One a more mundane matter, the incident this week that highlighted illegal alcohol consumption in Libya proved that it was a widespread phenomenon. The consumption and sale of alcohol is illegal in Libya, but it is available on the black market. There are no official statistics on the state of dipsomania or wanton drunkenness in Libya. What is known is that insobriety is widespread because of the brewing of highly intoxicating and often lethal alcoholic drinks. The situation is now serious enough for the Libyan authorities to declare a state of emergency in Tripoli’s hospitals.

This week, at least 51 people died in Libya after consuming homemade alcohol — many drug addicts, unemployed youth and militiamen. Official statistics indicate that 378 drunks have been taken to the capital’s hospitals since last Saturday, and the total number may rise further in the course of next week. What is also known is that a majority of the deaths occurred from methanol poisoning and that many patients were undergoing kidney dialysis for treatment. The alcohol in question is a cheap albeit potent local brew known as Bokha. It is distilled from various fruits like figs, dates or grapes. However, unscrupulous brewers add industrial spirits — like methanol — to increase the potency of the traditional Bokha. Alcoholic beverages — spirits, wines and beer — are also smuggled into Libya from Tunisia, Algeria and Malta where they are not banned.

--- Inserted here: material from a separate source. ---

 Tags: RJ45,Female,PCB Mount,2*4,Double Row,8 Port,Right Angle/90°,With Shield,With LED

It is against this lurid backdrop that Libya’s parliament has said it will temporarily suspend its main activities due to security concerns, following an incident in which armed protesters stormed the parliamentary assembly. The Libyan parliament or General National Congress (GNC) President Mohammed Al-Magariaf on Sunday was quoted as saying the decision was prompted by the lack of security and meetings would resume when a safe venue was found.

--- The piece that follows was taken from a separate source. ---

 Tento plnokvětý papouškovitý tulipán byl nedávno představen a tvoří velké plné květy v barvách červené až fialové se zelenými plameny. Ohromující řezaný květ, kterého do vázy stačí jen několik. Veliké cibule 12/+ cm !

Legislators were forced to move from the main parliament complex in Tripoli in early February when it was occupied by wounded veterans of the 2011 uprising demanding medical treatment abroad. Last Tuesday, armed protesters stormed a meeting of the Congress at the alternative venue legislators have been using. The protesters demanded that officials linked to the ousted regime of Gaddafi be banned from public life.

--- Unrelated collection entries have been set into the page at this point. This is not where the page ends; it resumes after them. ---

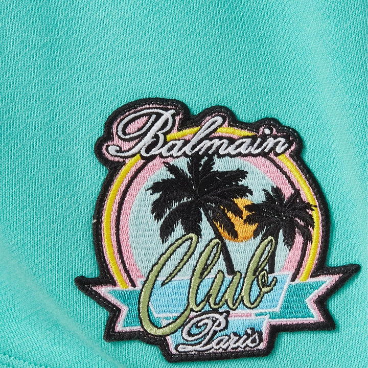 Boy Sea Green shorts with an embroidered logo, elasticated waistband, two side inset pockets, and a rear patch pocket.
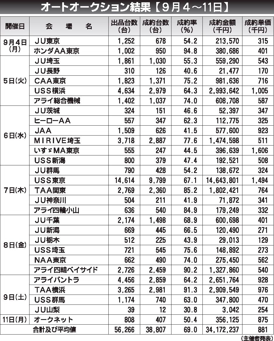 〈オートオークション結果〉首都圏 2023/9/4~11
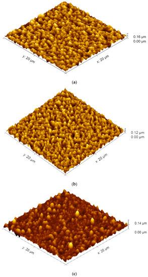 Figure 1 shows three-dimensional topography images of the selected samples’ surfaces. It can be seen in Figure 1 that there is not much difference between the spin-coated pristine CS (Figure 1a) and CS with 0.01% GO (Figure 1b). Figure 1c represents the surface topography of CS-GO when it is deposited using the layer-by-layer method. By visual examination of the images, it can be inferred that the average height was reduced when GO was added to CS. In addition, the layer-by-layer method results in a modified morphology with reduced roughness.

Speaker Al-Magariaf’s official vehicle came under fire as he escaped unscathed from the parliamentary deliberations amid much commotion and  mayhem. Libya’s Interior Ministry warned that gunmen demanding that legislators pass a bill barring former associates of Gaddafi from power. The gunmen shot at the car of the GNC Speaker Al-Magariaf, a former ambassador to India, who had already survived a gun attack at his home in January. He was unharmed and no other MP was hurt in the shooting.

Meanwhile, Libya’s borders with neighbouring countries have witnessed scenes of sporadic violence primarily because of the systematic and lucrative arms smuggling. The Wazen-Dehiba border crossing linking Libya and Tunisia was closed this week following clashes between Tunisian traders and their Libyan counterparts.

Fuel smuggling has become a regular feature on both the Ras Jedir and Wazen-Dehiba crossings in the post-Gaddafi era, because of petroleum shortages in Tunisia. The Tunisian government’s decision last week to increase petrol prices left many Tunisians desperate for Libyan oil. The incident at the southern Wazen-Dehiba spotlights the problems engendered by the porous borders of Libya and it is not clear whether the Libyan authorities can rise to the challenge. Posterity should reward the hapless Libyan authorities for having the serenity to know that the proliferation of arms, ammunition, alcohol and petroleum smuggling only increases tensions both inside Libya and among its neighbours.